My fingers twitch as I imagine them reaching out to untie the sky-blue embroidered silk and releasing a seashell that falls with a clattering click. Then the bead necklace would drop, the green and pink feathers would come away, as the black velvet slithered off, along with the crest it held in place. Finally, the brown suede neck-covering would shuffle down into a heap with the rest.
What, then, would be left? What would I be faced with? My own death mask, perhaps? Or the artist’s features combined with a representation of her lover’s face?
This supreme act of disobedience would cause the alarms to ring throughout the art gallery and heavy boots to run towards me as every other person stared in my direction, appalled.

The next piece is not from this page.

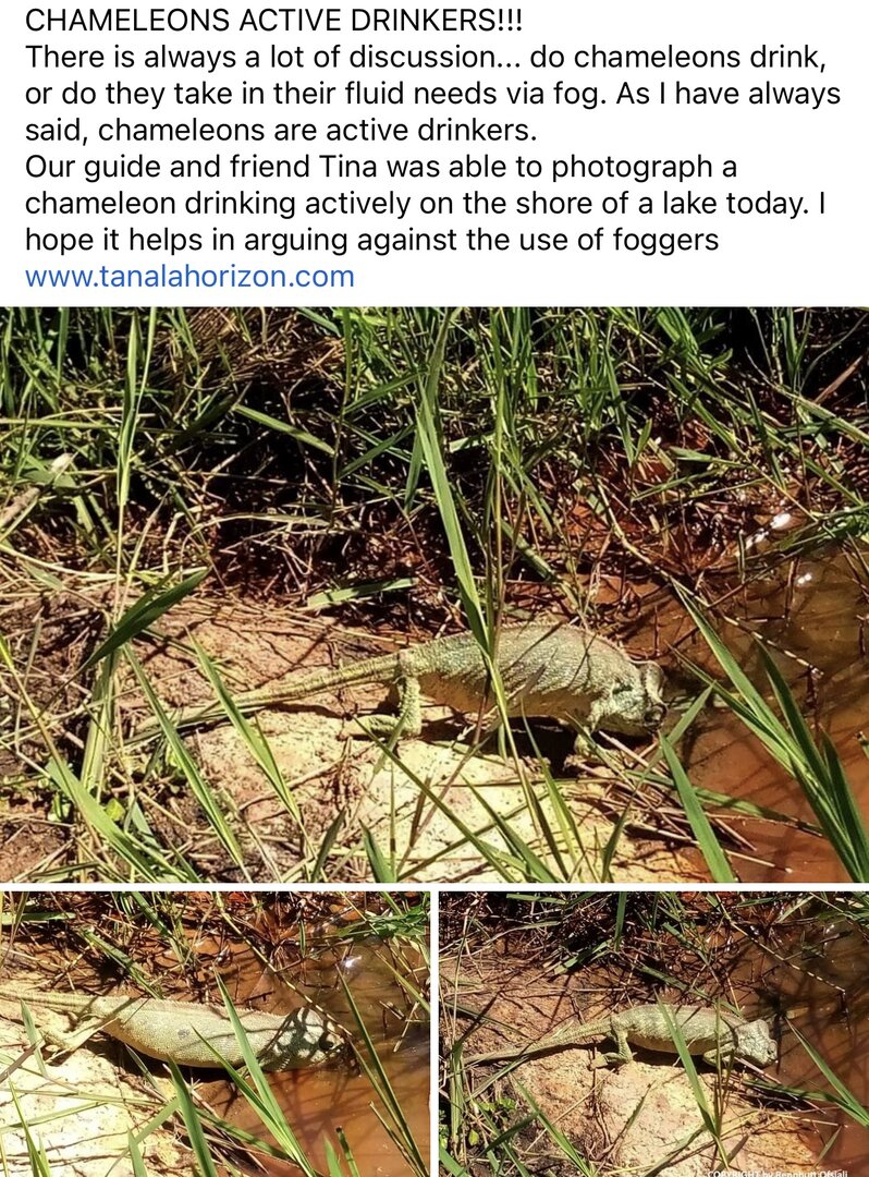 For what it's worth, I fog a lot for larger chameleon species (C. osh, C. parsonii cristifer) with success. But for the little ones it hasn't been as useful. So I'm not advocating for not fogging, just that we examine this closely. Perhaps larger species are just able to deal with a margin of error from commercial setups easier than smaller ones, and thus reap more of the benefits of hydrating through fog in captivity.

What else can I do but turn away and leave? But it’s too late now to pretend that I can be content with things as they are. The force of her rebellion has infected me through all the layers of fabric and time that separate us. She is a source of power, a battery pack of disobedience, difference and possibilities.
She is dangerous, and she is waiting.
Thanks-you've tune into her really well, Kathy-great choice. I saw this at the City Art Gallery a few years ago at their 'Women and Surrealism' show-yes, it's impressive.
LOVED this one Kathy! Love how you model how to interact with art through these imagined stories!